Abstract:Brain-Computer Interfaces (BCI) based on Electroencephalography (EEG) signals, in particular motor imagery (MI) data have received a lot of attention and show the potential towards the design of key technologies both in healthcare and other industries. MI data is generated when a subject imagines movement of limbs and can be used to aid rehabilitation as well as in autonomous driving scenarios. Thus, classification of MI signals is vital for EEG-based BCI systems. Recently, MI EEG classification techniques using deep learning have shown improved performance over conventional techniques. However, due to inter-subject variability, the scarcity of unseen subject data, and low signal-to-noise ratio, extracting robust features and improving accuracy is still challenging. In this context, we propose a novel two-way few shot network that is able to efficiently learn how to learn representative features of unseen subject categories and how to classify them with limited MI EEG data.
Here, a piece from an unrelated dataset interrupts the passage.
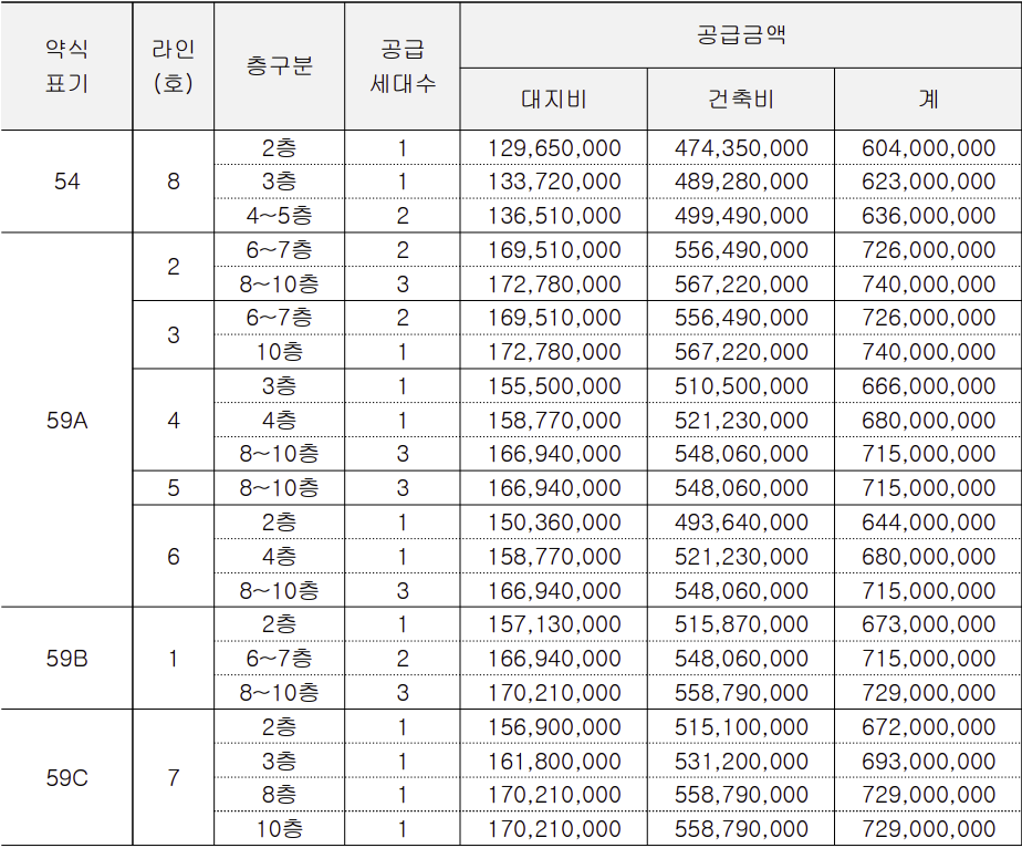 4) 59C : 6억 7200만 ~ 7억 2900만
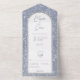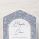 TAMBIÉN DISPONIBLE CON UN CÓDIGO QR PARA ESCAPAR EN LA ZONA RSVP O SIN OPCIONES PARA CENAR. Este sencillo pero elegante diseño de invitación a la boda presenta un hermoso fondo azul polvoriento con copos de nieve blancos que caen suavemente. El texto se muestra en un área de texto blanco abovedada sobre un falso arco de purpurina plateado para chispa de invierno adicional. Creado por Simply Farmhouse Press.

The pipeline includes an embedding module that learns feature representations from a set of samples, an attention mechanism for key signal feature discovery, and a relation module for final classification based on relation scores between a support set and a query signal. In addition to the unified learning of feature similarity and a few shot classifier, our method leads to emphasize informative features in support data relevant to the query data, which generalizes better on unseen subjects. For evaluation, we used the BCI competition IV 2b dataset and achieved an 9.3% accuracy improvement in the 20-shot classification task with state-of-the-art performance. Experimental results demonstrate the effectiveness of employing attention and the overall generality of our method.